На самом деле это не помогло. Дин был угрюм. Он все спрашивал меня, как долго будет продолжаться вся эта нелепая история с телохранителем.
— Я не знаю, — ответила я раздраженно. — Если мы не сможем найти человека, который пытался меня убить, то, наверное, альтернативой будет то, что ему удастся меня убить. В любом случае, тебе больше не придется об этом беспокоиться.
— Да ладно, Риона, — сказал Дин, закатывая глаза от моей мелодрамы. — Ты же знаешь, я не хочу, чтобы ты пострадала, — он протянул руку через стол и взял меня за руку. — Я просто скучаю по тебе. И я устал от этих свиданий с сопровождением в викторианском стиле.
Я отдернула руку.
— Я знаю, — сказала я. — Но я больше ничего не могу с этим поделать.

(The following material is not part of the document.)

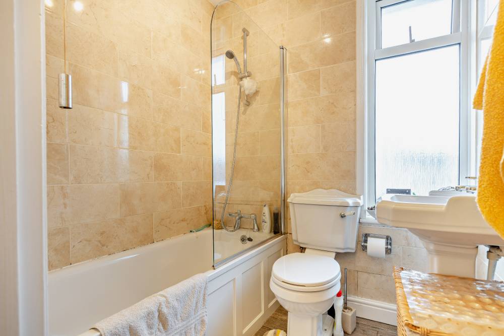 The bathroom is equipped with a toilet, a hand wash basin and bath facilities. It has tiled walling and a side facing window.

По правде говоря, я могла бы попросить Рэйлана отвезти меня в дом Дина на нормальное свидание. Рэйлан мог бы следить за домом, пока мы с Дином ужинали, а потом поднимались наверх, чтобы побыть наедине. Так бы ты обращался с нормальным охранником.
Но Рэйлан не обычный охранник. И не только потому, что он дружит с Данте.
В Рэйлане есть что-то такое, что не позволяет держать его на расстоянии. Он слишком проницателен и слишком, черт возьми, личностный. Слишком честный и слишком… он сам. Между ним и мной нет никакой профессиональной дистанции. И никогда не было.
Даже Неро это видит.
Он поднимает взгляд от своего ножа, смотрит на меня своими холодными серыми глазами и говорит:
— Ну что, вы с ковбоем уже трахаетесь?
Это классическая тактика перекрестного допроса. Задать вопрос прямо и резко, чтобы попытаться шокировать обвиняемого и заставить его ответить честно.
— Нет, — говорю я, не давая Неро удовольствия от эмоционального ответа. — У меня есть парень.
— Ты поступила бы иначе.
— Нет, — говорю я спокойно. — Я бы не стала.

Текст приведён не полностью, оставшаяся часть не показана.